Character creation is fast and combat is designed to be equally quick and brutal. Unimportant enemies largely fall at a single attack while heroes and major villains are allowed to last longer.
One interesting mechanic is the use of bennies, or Fate Chips. Fate Chips are poker chips that allow a person to alter the game in some small way in exchange for allowing the Marshal to the same. In Deadlands, this can range from being allowed to re-roll a skill to being allowed to add an addition d6 to results. This can change the direction and fate of the game considerably.
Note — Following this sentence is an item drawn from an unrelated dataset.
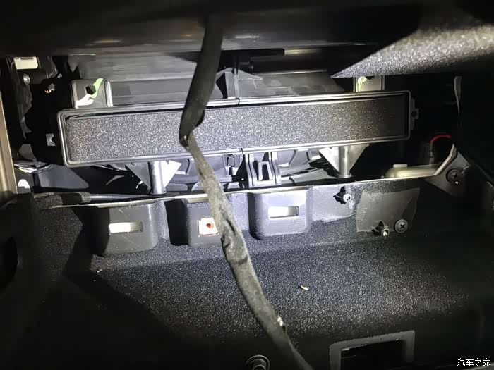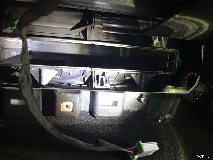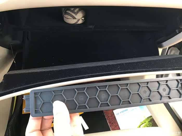 小心拉出来,因为隔层上有个电灯线,把插头拔掉,就可以把空调滤芯的卡扣盖板手扳出来
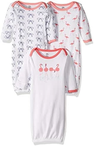 Yoga Sprout cotton gowns are super comfortable and cozy and feature playful patterns for sweet dreams. An elastic band at the bottom and a lap neck make dressing and diaper changes simple. Based on customer feedback, we would like to share size recommendations for you. Our preemie gowns are suitable for preemies and newborns from 6 to 9 pounds. Our 0-6 month gowns run a bit larger so they can last you up until your baby turns 6 months old. Our gowns are made of 100% cotton, so some shrinking should be expected.

Deadlands also uses poker hands in order to determine how successful magic is. Rather than simply roll for results, the player gets a hand dealt to them. Based on how good of a hand you are able to put together, you get a number of Power Points. These Power Points are then used for determining the strength and range of the magical effect.
Whether or not someone enjoys how Deadlands plays is dependent on how well a person gets into the Savage Worlds system. If you like rules designed for speed but that can be a bit limiting at the beginning, then you’ll like the nuances of the system. The addition of bennies and cards can make it all the more interesting. If you prefer the chance to really toy with points from the get go and stick mostly to dice, then it may not be as much for you. This is a system that is capable of going very deep or very shallow depending on the needs of the game master.
Deadlands is a Weird Western game first and foremost. While there are a considerable number of Steampunk elements in the game, in no small part due to the Mad Scientists and their incredible creations, you can tell the setting was designed with the romantic ideals of the Old West at the forefront. Gunslingers dot the landscape and local law enforcement is considered to be one of the few lines of defense against the Reckoners and their horrors. Huge monsters straight out of western legend and local myth create terror for the small communities they surround and prey on. One could argue that it’s these mysterious and mystical creatures that are more important to the setting than any jet pack or flame thrower.
Is the game fun though? In my opinion, this is a resounding yes. The setting is imaginative and offers a variety of game potentials from more political and subterfuge all the way up to a full on spaghetti western style adventure. The monsters and villains of the world are varied, both in style as well as difficulty. Your players will be hard pressed to run out of challenges when one considers that the only way to save the world from the Reckoners involves a trip to South America that they may never come back from.
This is easily one of my favorite game settings and systems out their currently. To anyone looking for an excellent western game or a solid Steampunk setting, buy this game and play it. If nothing else the, Savage Worlds system will give you a good starting point for your own Steampunk settings with rules that are as deep as you need it to be. I highly recommend picking up a copy of Deadlands: Reloaded and Savage Worlds
Correspondent M. Gabriel Colbaugh spends most of his time serving as a technical writer for a waste-water treatment firm, but otherwise spends time writing about steampunk and enjoying fine haberdashery.He lives in Las Vegas with his wife and two furry children, River and Isabela. He also works to maintain the Las Vegas Steampunk Tea Society with a host of others.